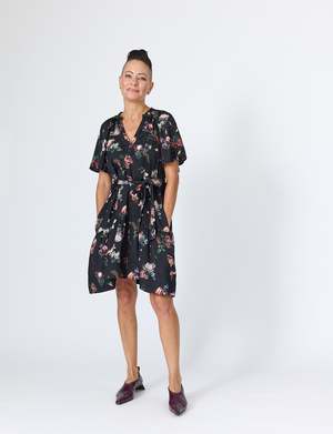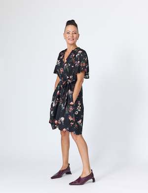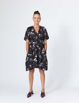 For those who adore the effortless elegance of the Joan Dress, meet its romantic counterpartthe Sarah Dress. Designed with the same signature fit, Sarah brings a touch of soft femininity with a flowing silhouette and an exclusive LiNNY floral print, created in collaboration with a Sydney-based designer. Crafted from a lightweight, fluid fabric with just the right amount of stretch, this dress drapes beautifully while offering comfort for all-day wear. Thoughtful details like pockets (yes, pockets!) and an optional self-tie belt allow for versatile stylingcinch it at the waist for a more defined look or wear it loose for effortless movement. Perfect for everything from brunch to an evening soire, the Sarah Mini Dress is a refined yet relaxed wardrobe staple designed to make a statement with ease. Fabric: 97% Polyester, 3% Spandex US Sizing: XS (0-2), S (4-6), M (8-10), L (12-14) Details: Pockets, optional self-tie belt
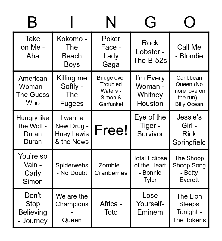 This bingo card has a free space and 44 words: Livin on a Prayer- Bon Jovi, The Lion Sleeps Tonight - The Tokens, Oops I did it again- Britney Spears, Don’t Stop Believing - Journey, Happy - Pharrell Williams, Lose Yourself- Eminem, Poker Face - Lady Gaga, Single Ladies - Beyoncé, Call Me - Blondie, We are the Champions - Queen, Rock Lobster - The B-52s, Eye of the Tiger - Survivor, Zombie - Cranberries, Spiderwebs - No Doubt, Dance Monkey - Tonnes & I, Africa - Toto, Pumped up Kicks - Foster the People, Hungry like the Wolf - Duran Duran, Tainted Love -, Caribbean Queen (No more love on the run) - Billy Ocean, Kokomo - The Beach Boys, Shout - Tears for Fears, Simply Irresistible - Robert Palmer, Take on Me - Aha, Hit me With Your Best Shot - Pat Benatar, Jessie’s Girl - Rick Springfield, We’re not gonna Take it - Twisted Sister, Jump - Van Halen, Total Eclipse of the Heart - Bonnie Tyler, You’re so Vain - Carly Simon, Dancing Queen - ABBA, The Shoop Shoop Song - Betty Everett, Cocaine - Eric Clapton, I’m a Believer- The Monkees, I want a New Drug - Huey Lewis & the News, Pink Houses - John Cougar Mellencamp, Walk like an Egyptian - The Bangles, Fight for your Right (To Party) - Beastie Boys, Bridge over Troubled Waters - Simon & Garfunkel, American Woman - The Guess Who, I’m Every Woman - Whitney Houston, Valerie - Amy Winehouse, Killing me Softly - The Fugees and I think We’re Alone Now - Tiffany.
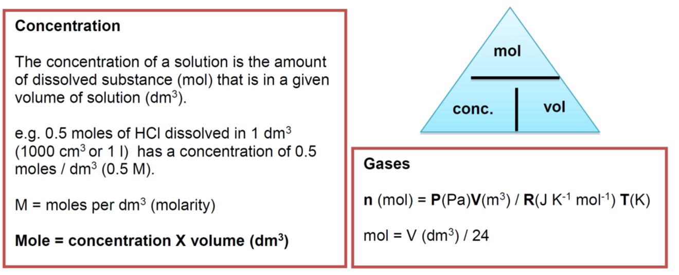 Not as clearly identified in the video is the method to quickly determine the volume of a gas when the number of moles is known. At r.t.p (room temperature & pressure, ~25C and 1 atm): volume (dm3) = mol x 24, and at s.t.p (standard temperature and pressure, = 0C and 1 atm): volume (dm3) = mol x 22.4
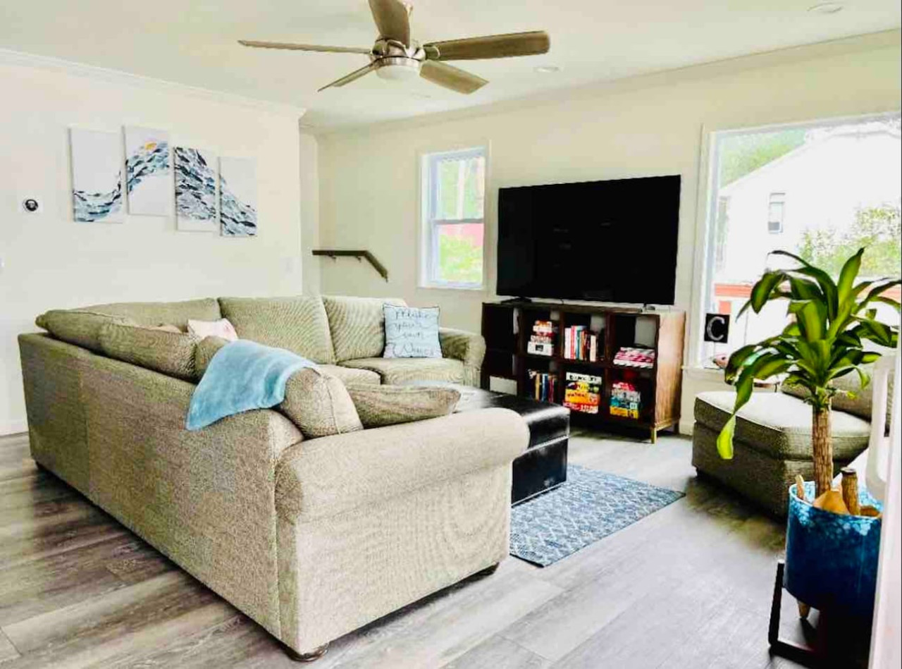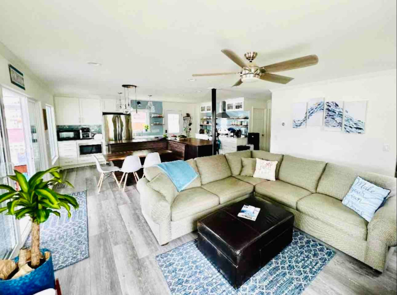 INDOOR LIVING: Two living rooms, 5 bedrooms all with ceiling fans, 3 full decorator's bathrooms. 1st FLOOR: Living room open to dining/kitchen and deck with a large Smart TV (includes streaming apps such as Netflix, Amazon Prime, Apple TV,
####################
— INSTRUCTIONS FOR THE TASK —
A verbatim copy of the material is needed; pictures are not to appear in it.

— RESULT FOR THIS EXERCISE —
 For those who adore the effortless elegance of the Joan Dress, meet its romantic counterpartthe Sarah Dress. Designed with the same signature fit, Sarah brings a touch of soft femininity with a flowing silhouette and an exclusive LiNNY floral print, created in collaboration with a Sydney-based designer. Crafted from a lightweight, fluid fabric with just the right amount of stretch, this dress drapes beautifully while offering comfort for all-day wear. Thoughtful details like pockets (yes, pockets!) and an optional self-tie belt allow for versatile stylingcinch it at the waist for a more defined look or wear it loose for effortless movement. Perfect for everything from brunch to an evening soire, the Sarah Mini Dress is a refined yet relaxed wardrobe staple designed to make a statement with ease. Fabric: 97% Polyester, 3% Spandex US Sizing: XS (0-2), S (4-6), M (8-10), L (12-14) Details: Pockets, optional self-tie belt
 This bingo card has a free space and 44 words: Livin on a Prayer- Bon Jovi, The Lion Sleeps Tonight - The Tokens, Oops I did it again- Britney Spears, Don’t Stop Believing - Journey, Happy - Pharrell Williams, Lose Yourself- Eminem, Poker Face - Lady Gaga, Single Ladies - Beyoncé, Call Me - Blondie, We are the Champions - Queen, Rock Lobster - The B-52s, Eye of the Tiger - Survivor, Zombie - Cranberries, Spiderwebs - No Doubt, Dance Monkey - Tonnes & I, Africa - Toto, Pumped up Kicks - Foster the People, Hungry like the Wolf - Duran Duran, Tainted Love -, Caribbean Queen (No more love on the run) - Billy Ocean, Kokomo - The Beach Boys, Shout - Tears for Fears, Simply Irresistible - Robert Palmer, Take on Me - Aha, Hit me With Your Best Shot - Pat Benatar, Jessie’s Girl - Rick Springfield, We’re not gonna Take it - Twisted Sister, Jump - Van Halen, Total Eclipse of the Heart - Bonnie Tyler, You’re so Vain - Carly Simon, Dancing Queen - ABBA, The Shoop Shoop Song - Betty Everett, Cocaine - Eric Clapton, I’m a Believer- The Monkees, I want a New Drug - Huey Lewis & the News, Pink Houses - John Cougar Mellencamp, Walk like an Egyptian - The Bangles, Fight for your Right (To Party) - Beastie Boys, Bridge over Troubled Waters - Simon & Garfunkel, American Woman - The Guess Who, I’m Every Woman - Whitney Houston, Valerie - Amy Winehouse, Killing me Softly - The Fugees and I think We’re Alone Now - Tiffany.
 Not as clearly identified in the video is the method to quickly determine the volume of a gas when the number of moles is known. At r.t.p (room temperature & pressure, ~25C and 1 atm): volume (dm3) = mol x 24, and at s.t.p (standard temperature and pressure, = 0C and 1 atm): volume (dm3) = mol x 22.4
 INDOOR LIVING: Two living rooms, 5 bedrooms all with ceiling fans, 3 full decorator's bathrooms. 1st FLOOR: Living room open to dining/kitchen and deck with a large Smart TV (includes streaming apps such as Netflix, Amazon Prime, Apple TV,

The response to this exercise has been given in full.